How to complete this task >> Using the entries that follow, write out the line containing "Graph or drawing", the line containing "リアルタイム3Dを活用した4", and every line between them, exactly and nothing else.

Supplied records >>
*** Block opens ***
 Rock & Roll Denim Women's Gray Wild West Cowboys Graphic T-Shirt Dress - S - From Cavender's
*** Block closes ***
*** Block opens ***
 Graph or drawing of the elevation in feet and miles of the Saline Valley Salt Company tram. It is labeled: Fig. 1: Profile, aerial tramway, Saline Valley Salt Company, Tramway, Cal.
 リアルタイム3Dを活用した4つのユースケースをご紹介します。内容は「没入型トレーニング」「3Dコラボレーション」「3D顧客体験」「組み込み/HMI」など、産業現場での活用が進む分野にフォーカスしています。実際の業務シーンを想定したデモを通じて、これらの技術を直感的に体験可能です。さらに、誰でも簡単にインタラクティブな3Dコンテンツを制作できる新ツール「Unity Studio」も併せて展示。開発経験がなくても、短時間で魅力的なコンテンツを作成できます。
*** Block closes ***
Your response >>
 Graph or drawing of the elevation in feet and miles of the Saline Valley Salt Company tram. It is labeled: Fig. 1: Profile, aerial tramway, Saline Valley Salt Company, Tramway, Cal.
 リアルタイム3Dを活用した4つのユースケースをご紹介します。内容は「没入型トレーニング」「3Dコラボレーション」「3D顧客体験」「組み込み/HMI」など、産業現場での活用が進む分野にフォーカスしています。実際の業務シーンを想定したデモを通じて、これらの技術を直感的に体験可能です。さらに、誰でも簡単にインタラクティブな3Dコンテンツを制作できる新ツール「Unity Studio」も併せて展示。開発経験がなくても、短時間で魅力的なコンテンツを作成できます。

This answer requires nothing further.